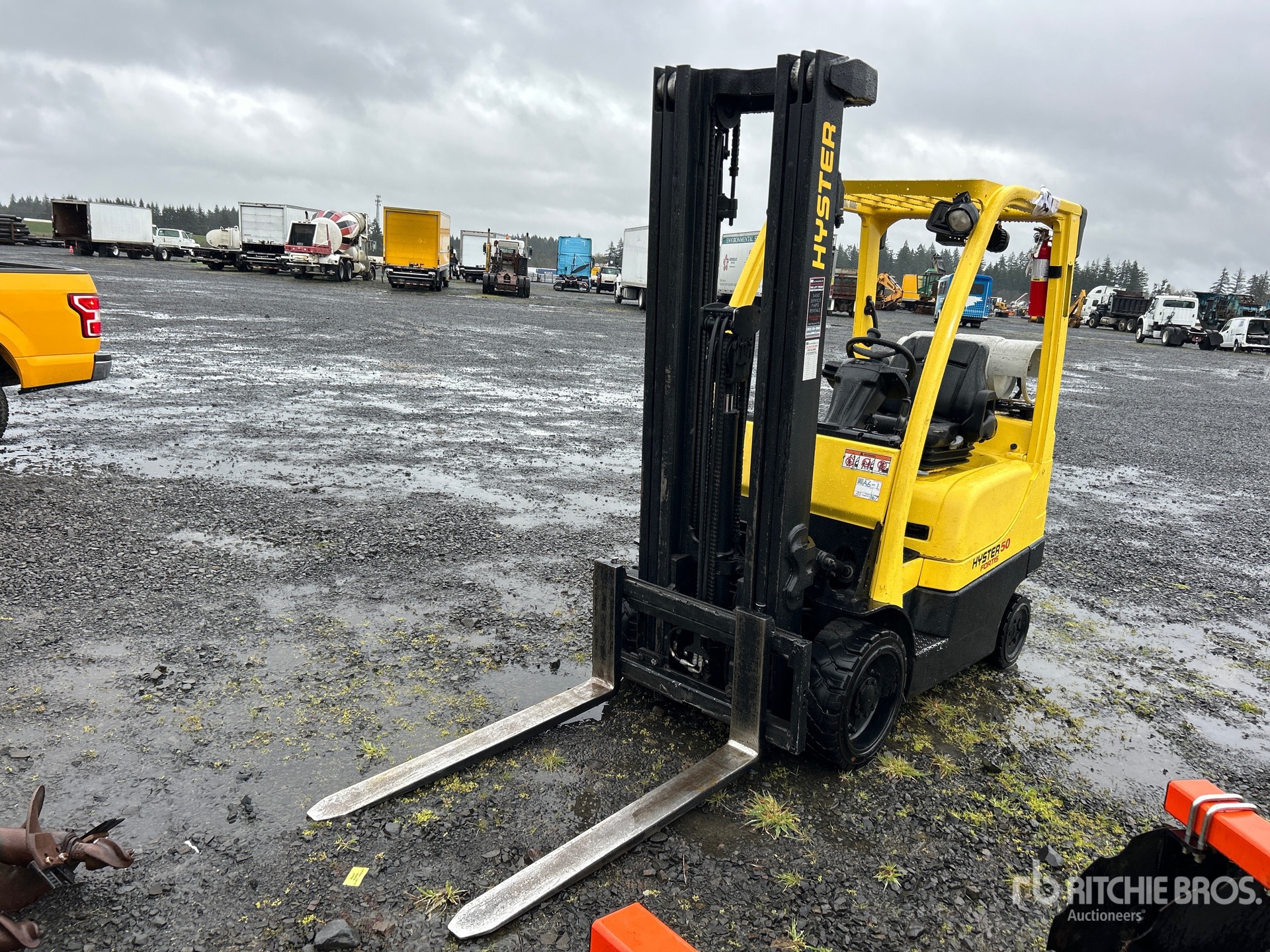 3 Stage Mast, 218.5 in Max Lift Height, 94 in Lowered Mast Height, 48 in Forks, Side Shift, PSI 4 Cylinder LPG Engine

- - - - - - -

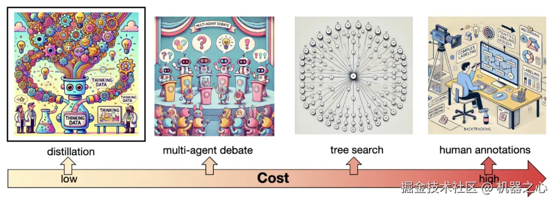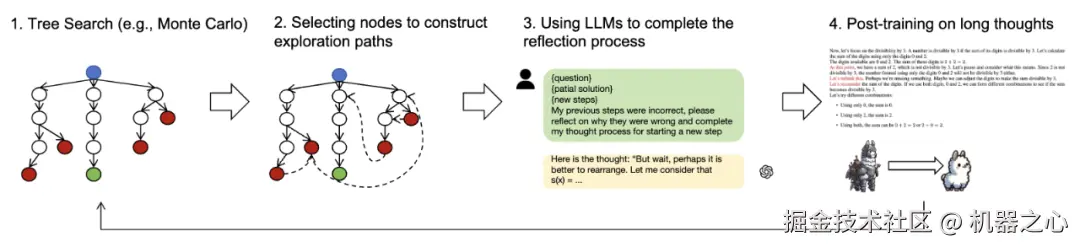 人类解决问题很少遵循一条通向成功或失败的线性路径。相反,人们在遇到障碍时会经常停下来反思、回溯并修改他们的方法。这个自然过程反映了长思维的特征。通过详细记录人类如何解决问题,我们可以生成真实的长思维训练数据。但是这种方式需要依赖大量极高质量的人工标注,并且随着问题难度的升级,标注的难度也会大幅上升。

- - - - - - -

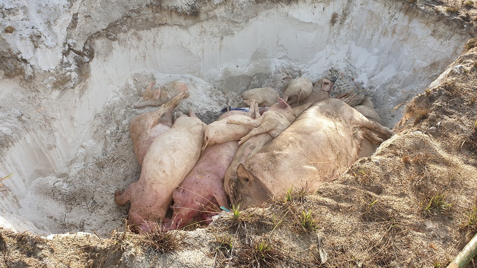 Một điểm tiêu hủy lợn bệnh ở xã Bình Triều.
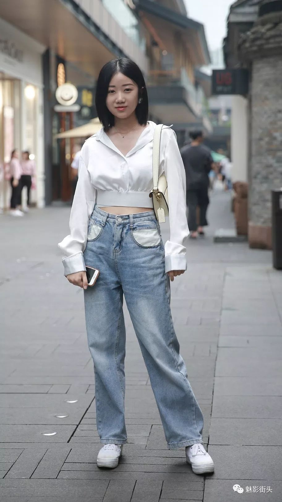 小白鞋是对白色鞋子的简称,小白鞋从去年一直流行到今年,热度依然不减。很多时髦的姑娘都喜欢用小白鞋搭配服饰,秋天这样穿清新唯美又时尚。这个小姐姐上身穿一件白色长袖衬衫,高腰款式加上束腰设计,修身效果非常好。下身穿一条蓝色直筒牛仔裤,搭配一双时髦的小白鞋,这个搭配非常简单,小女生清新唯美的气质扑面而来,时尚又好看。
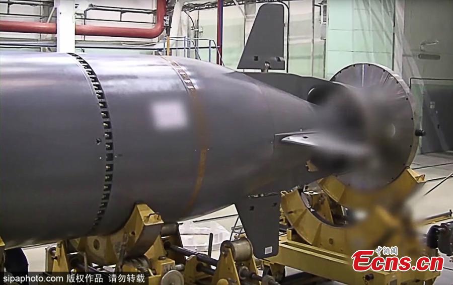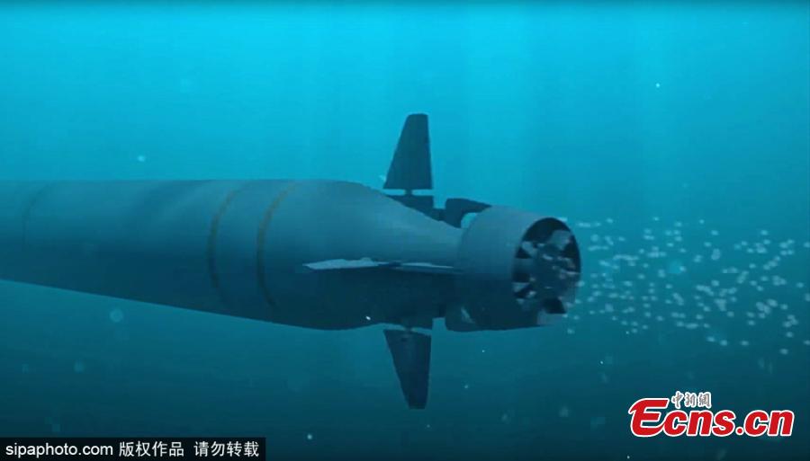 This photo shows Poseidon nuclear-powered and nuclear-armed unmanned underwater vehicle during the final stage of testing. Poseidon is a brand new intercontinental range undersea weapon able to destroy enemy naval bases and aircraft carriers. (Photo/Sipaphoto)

- - - - - - -

- [What to work on]
Above are entries with pictures among them. Write out exactly the lines from the one containing "小白鞋是对白色鞋子的简称,小" through the one containing "This photo shows", ends included, and leave those pictures out.

- [Answer to the exercise]
 小白鞋是对白色鞋子的简称,小白鞋从去年一直流行到今年,热度依然不减。很多时髦的姑娘都喜欢用小白鞋搭配服饰,秋天这样穿清新唯美又时尚。这个小姐姐上身穿一件白色长袖衬衫,高腰款式加上束腰设计,修身效果非常好。下身穿一条蓝色直筒牛仔裤,搭配一双时髦的小白鞋,这个搭配非常简单,小女生清新唯美的气质扑面而来,时尚又好看。
 This photo shows Poseidon nuclear-powered and nuclear-armed unmanned underwater vehicle during the final stage of testing. Poseidon is a brand new intercontinental range undersea weapon able to destroy enemy naval bases and aircraft carriers. (Photo/Sipaphoto)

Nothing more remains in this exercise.